ジョルノ、ブチャラティフーゴナランチャアバッキオ、ミスタ。彼らは始めっから、社会とか家庭からつまはじきにされて育ちました。育たざるを得ないという言い方が正しいと思います。ボスの娘、トリッシュもそうだと思います。

 彼らは「運命」「宿命」に立ち向かい、それを変えていく事なんてできるのだろうか?

 そのことをずっと考えながらこの第5部を描きました。執筆した時期とか状況もあって、とても苦しく暗い気分になりました。どうしよう?「運命」とか「宿命」とかが、そんなに簡単に人間の努力とか根性とかで変えられたら、そんなの最初から「運命」なんて言わないと思うし、軽々しすぎる。そう思いました。

 じゃ主人公たちは、どうやって脱出すればいいんだ?

 その答えをぼくにくれたは誰であろう、主人公たちでした。主人公たちは「運命」や「宿命」を変えようとはせず、彼らのおかれた状況の中で「正しい心」を捨てないことを選んだのです。正義の心の中にこそ「幸福」があると彼らは信じて。自然にそうなったのです。

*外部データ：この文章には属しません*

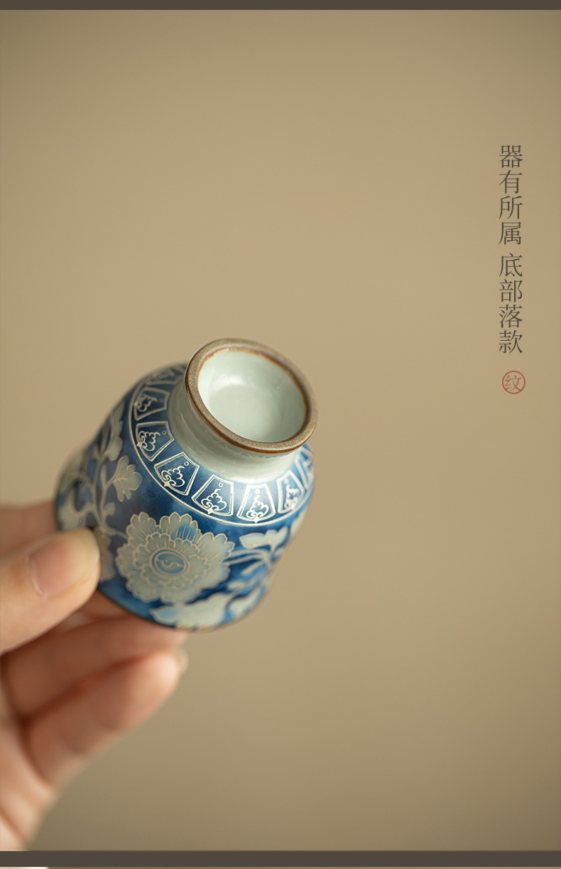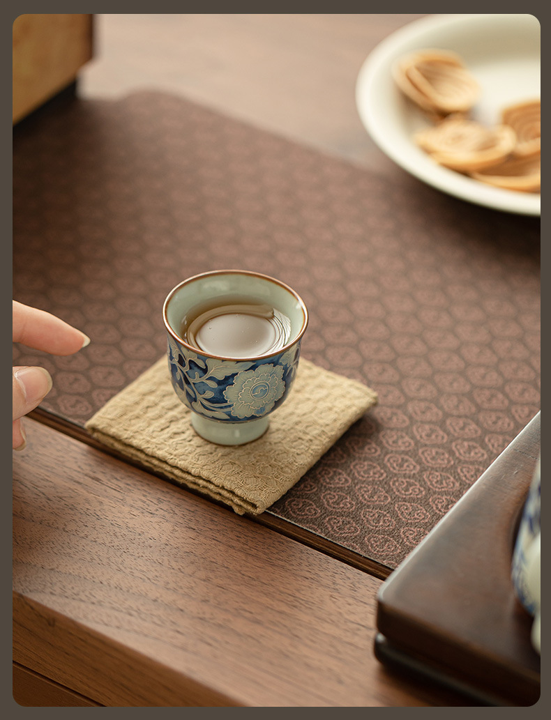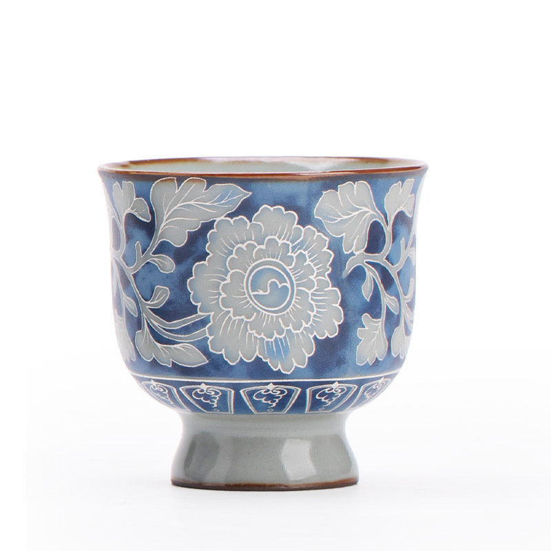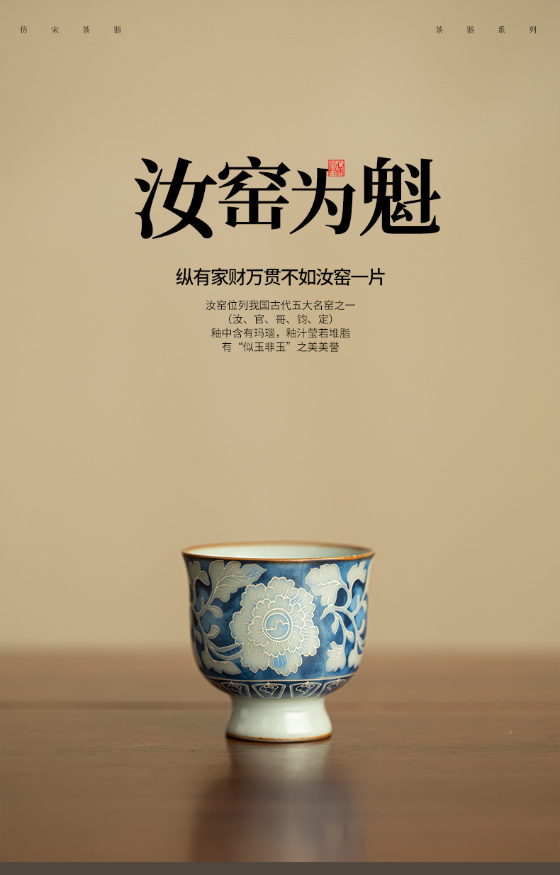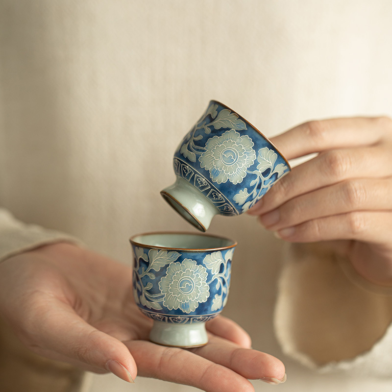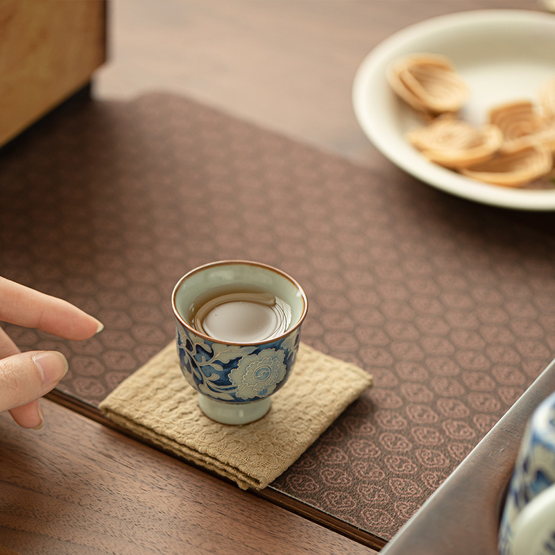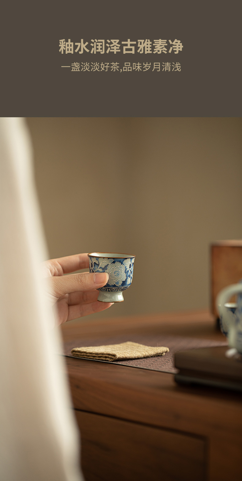 仿宋汝窑元青花茶杯主人杯客杯陶瓷茶具高脚杯开片可养牡丹品茗杯

(作者であるぼくは)登場人物たちに逆に教わることが執筆中出てきて、本当に勇気づけられました。そういう意味で思い返すと、第5部の登場人物は作者にとって愛着があるという感じよりはなにか、ぼくが仲間にしてもらったかのような錯覚を覚えます。

 そして、その事をふまえた上での執筆の裏話をしましょう。

 この第5部『黄金の風』では、どうしてもカットせざるを得ない部分があってーというよりも、どうしても描く事ができないエピソードがありました。

 それは、ミスタ、ナランチャフーゴアバッキオの4人の中の誰かが、実はボスのスパイで、ジョルノとブチャラティを「裏切る」という設定でした。感覚の中ではたぶん、フーゴが「裏切り者」なんだろうなと思って描こうとしたら、これがどーしても描く事が出来ませんでした。

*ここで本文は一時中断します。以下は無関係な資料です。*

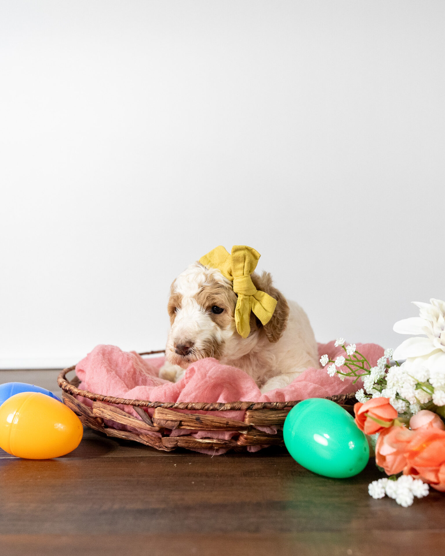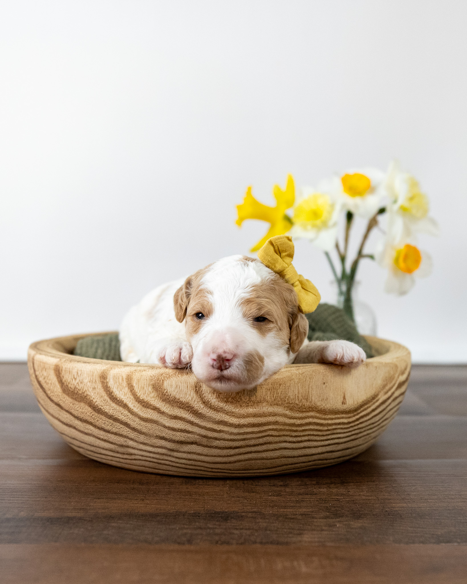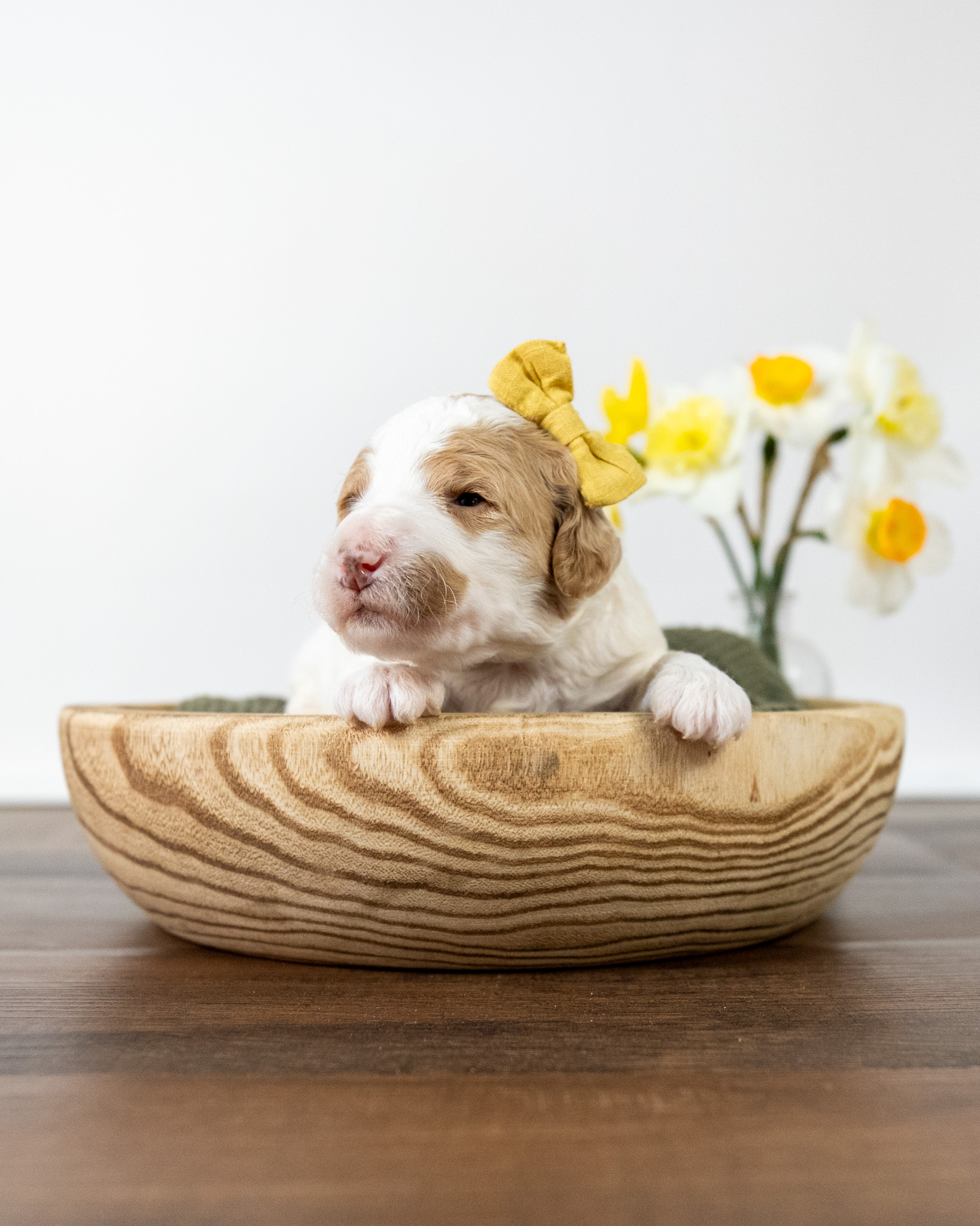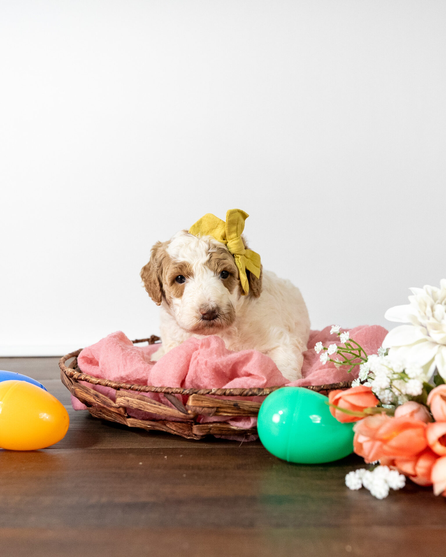 Gouda is a standard multigen Goldendoodle puppy with a stunning red & white coat – parti. She will be ready for her forever home April 28th! Her soft, fluffy coat is hypoallergenic and non-shedding, ensuring endless snuggles without fear of allergic reactions.

 あの時の暗い気分がますます暗い話になっていきそうだし、実際「嫌ー」な気持ちがぼくの心の中に芽ばえてきて、しかもブチャラティとかの気持ちを考えると、本当に気の毒で、気の毒で。信頼していた仲間が裏切るなんて、ぼくの概念にはなくて、生理的に嫌な気分になりました。「作者としての勇気が足りないぞー」と叱られればそれまでなのですが、本当、絶対描くのは嫌だ!と思ってしまったのです。しかもケジメをつけるために、たぶんジョルノがフーゴの処刑に行くようなエピソードになったでしょうね。絶対に少年少女読者をヤバい気分にさせると思い込んでしまったのです。

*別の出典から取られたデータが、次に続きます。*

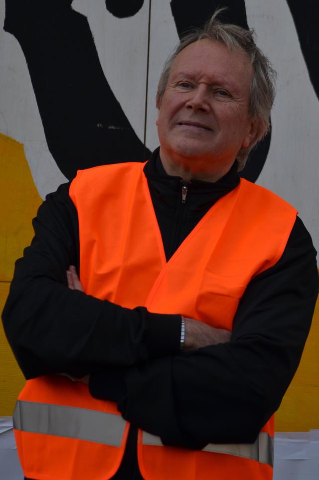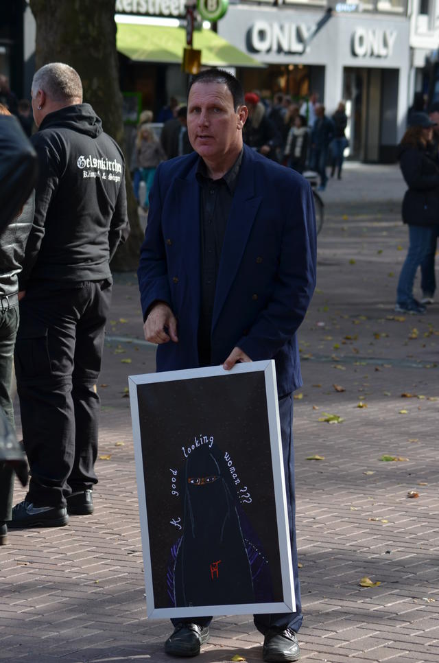 Foto 2. De Nederlandse anti-islam activist Hans van Tamelen aka Jack Terrible, bracht een zelf gemaakt kunstwerk mee naar de eerste Pegida Nederland manifestatie.
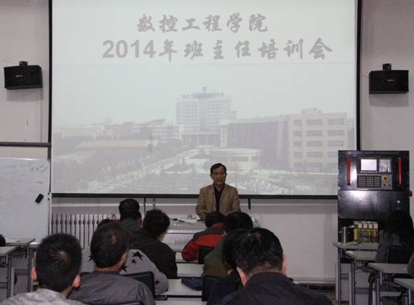 2014年11月2日晚,数控学院班主任培训会在行知楼E举行,数控学院全体辅导员、班主任、班主任助理及学生干部参加培训。会议邀请学院优秀班主任、优秀共产党员、处级调研员井明亮同志做了题为“倾注爱心,服务学生”的讲座。数控学院党总支书记南欢主持会议。

 そういう理由で、ヴェネツィア大運河のサン・ジョルジョ・マッジョーレの船着き場での、別れのシーンです。フーゴに消えてもらったのです(のちに※小説版『黄金の風』では、作家さんとの打ち合わせで、フーゴは組織の中で陰ながらみんなを助ける、という裏話を書いてもらいました)。

 最後に登場人物たちに作者からひとこと言わせてください。

「本当にありがとう。君たちは、苦しく辛い時に吹いてくれる『黄金の風』なのだ」と。